Update: As for how weights contribute to the failure for linear kernel, the answer most likely lies in the fact that the avg weight assigned to the classes is imbalanced. In particular, the fact that the avg weight assigned to class-0 is 3 times higher than 1. Here are few results that point to this conclusion:
The Linear kernel learns "reasonable" boundary (meaning boundary is within the input space of samples) when weights are all 1.0 or randomly generated.
Also reasonable if we balance the weights of the classes using class_weight={0:(w[y==1].sum()/w[y==0].sum()),1:1} formula in constructor.

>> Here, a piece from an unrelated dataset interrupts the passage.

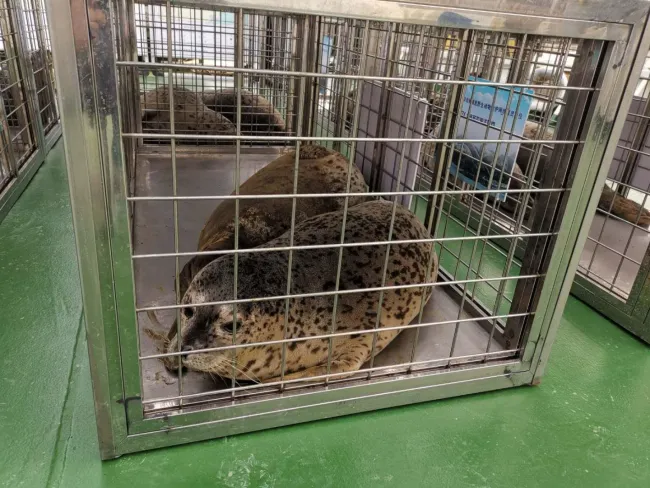 LONDON – Thirty-seven spotted seal pups have been released back to wild in China three months after Dalian police found the stolen animals starving and dying in a shed at a remote coastal farm in the village of Hutou, Wafangdian. The pups were snatched from the wild by traffickers for the aquarium industry and for display in commercial venues like shops and restaurants. Humane Society International, whose Chinese partner group VShine sent a representative at the release, praised Dalian’s law enforcement for saving the baby seals and arresting eight suspects.

If we create weight imbalance in some other ways: like using uniform weights but with different class weights, or assigning class-1 3 times higher than 0, or if we remove weights altogether and simply make frequency of one class 1/3rd of other, the above problem reappears.
This imbalance seems to push co-efficients to zero, although rbf kernel doesn't seem to be affected by it. As for why libsvm can't report the failure, that unfortunately I do not know.